Leaving the pictures aside, transcribe the data below exactly.
------ ENTRIES SHOWN
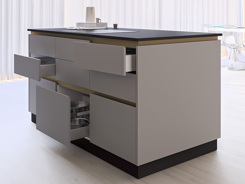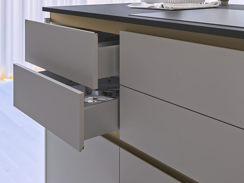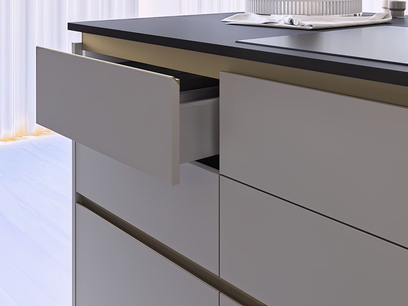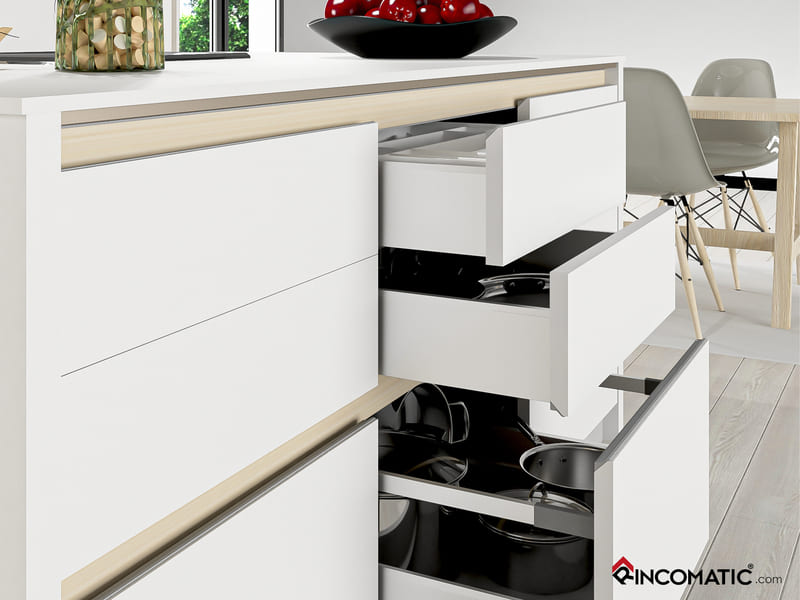 Los tiradores de perfil Syma cuentan con terminales embellecedores que hacen posible cubrir las aristas vivas de aluminio tras el corte de perfiles, proporcionando un tacto suave a los extremos y una fácil limpieza. Se pueden adquir sus componentes por separado o tiradores completamente terminados y listos para su instalación sobre el frente o cajón.
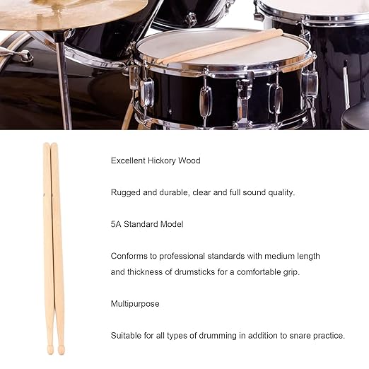 5A Classic Hickory Drumsticks – Durable Professional Sticks for Beginners & Adults
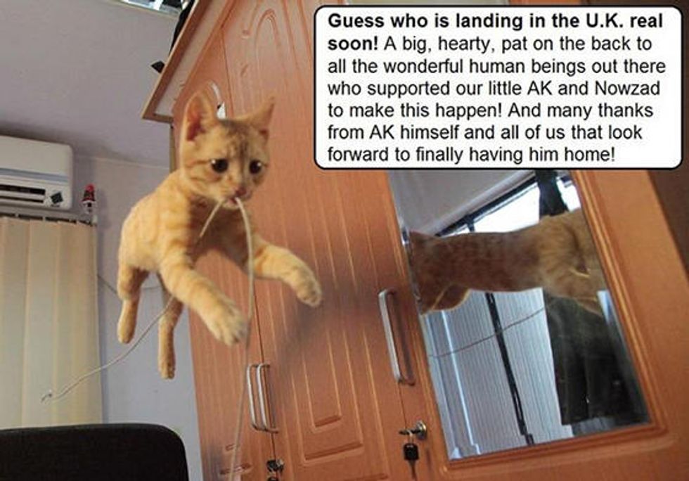 Thanks to Nowzad, a non profit animal rescue organization based in Afghanistan and all the people that donated to their fund, AK Kitty is on his way to his forever home in England.
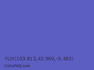 YUV 103.813,43.969,-9.483 Color is a normal indigo color and the nearest color is Blue Violet #6456b7. Hex code #5d5cc1 and RGB value is rgb(93,92,193). In RGB color space, this color is composed of 36% red, 36% green, 76% blue, In CMYK color space, this color is composed of 52% cyan, 52% magenta, 0% yellow , 24% black , In HSL color space, this color has a hue angle of 241° , 45% saturation and 56% lightness.
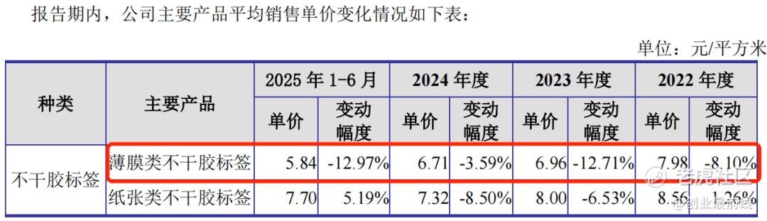 报告期内,薄膜类不干胶标签平均销售单价分别为7.98元/平方米、6.96元/平方米、6.71元/平方米和5.84元/平方米,变动幅度分别为-8.10%、-12.71%、-3.59%和-12.97%,持续下滑。
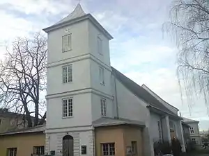 Gamlebyen Church is a private church, belonging to Oslo University Hospital and is also called Oslo Hospital's Church, located in the old town[1] of Oslo, Norway. It is leased to the Diocese of Oslo of the Church of Norway and serves as the parish church for the Gamlebyen parish in Oslo. Up to 1925 it had the name Oslo Church, but when the city changed its name from Kristiania to Oslo, the church got the present name. The present church building is listed in 1796 partly on the foundations of the Franciscan monastery church built around 1290.[2][3] The church is located at the foot of the north-facing slope Ekeberg, across the street from the Gamlebyen Cemetery.[4] The chapel at the cemetery is abandoned as a burial chapel and leased to the Ethiopian community in Oslo. At funerals, the church itself is now used instead.
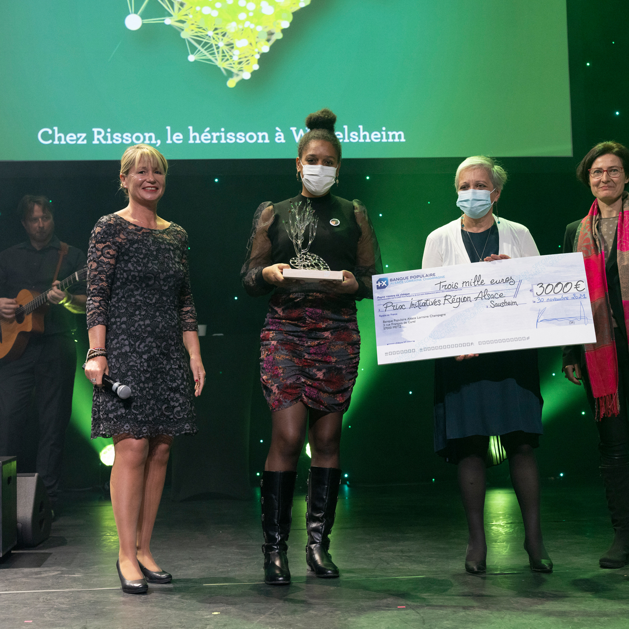 De gauche à droite : Nadine Gradoux, responsable Communication Institutionnelle de la BPALC, Pauline et Régine Ruffenach, Chez Risson, le Hérisson et Eliane Ginglinger, Administratrice de la BPALC
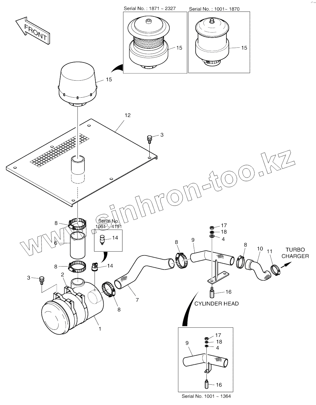 Каталог запасных частей к технике: Doosan SOLAR 210W-V. AIR CLEANER
------------
WRITTEN ANSWER:
 Los tiradores de perfil Syma cuentan con terminales embellecedores que hacen posible cubrir las aristas vivas de aluminio tras el corte de perfiles, proporcionando un tacto suave a los extremos y una fácil limpieza. Se pueden adquir sus componentes por separado o tiradores completamente terminados y listos para su instalación sobre el frente o cajón.
 5A Classic Hickory Drumsticks – Durable Professional Sticks for Beginners & Adults
 Thanks to Nowzad, a non profit animal rescue organization based in Afghanistan and all the people that donated to their fund, AK Kitty is on his way to his forever home in England.
 YUV 103.813,43.969,-9.483 Color is a normal indigo color and the nearest color is Blue Violet #6456b7. Hex code #5d5cc1 and RGB value is rgb(93,92,193). In RGB color space, this color is composed of 36% red, 36% green, 76% blue, In CMYK color space, this color is composed of 52% cyan, 52% magenta, 0% yellow , 24% black , In HSL color space, this color has a hue angle of 241° , 45% saturation and 56% lightness.
 报告期内,薄膜类不干胶标签平均销售单价分别为7.98元/平方米、6.96元/平方米、6.71元/平方米和5.84元/平方米,变动幅度分别为-8.10%、-12.71%、-3.59%和-12.97%,持续下滑。
 Gamlebyen Church is a private church, belonging to Oslo University Hospital and is also called Oslo Hospital's Church, located in the old town[1] of Oslo, Norway. It is leased to the Diocese of Oslo of the Church of Norway and serves as the parish church for the Gamlebyen parish in Oslo. Up to 1925 it had the name Oslo Church, but when the city changed its name from Kristiania to Oslo, the church got the present name. The present church building is listed in 1796 partly on the foundations of the Franciscan monastery church built around 1290.[2][3] The church is located at the foot of the north-facing slope Ekeberg, across the street from the Gamlebyen Cemetery.[4] The chapel at the cemetery is abandoned as a burial chapel and leased to the Ethiopian community in Oslo. At funerals, the church itself is now used instead.
 De gauche à droite : Nadine Gradoux, responsable Communication Institutionnelle de la BPALC, Pauline et Régine Ruffenach, Chez Risson, le Hérisson et Eliane Ginglinger, Administratrice de la BPALC
 Каталог запасных частей к технике: Doosan SOLAR 210W-V. AIR CLEANER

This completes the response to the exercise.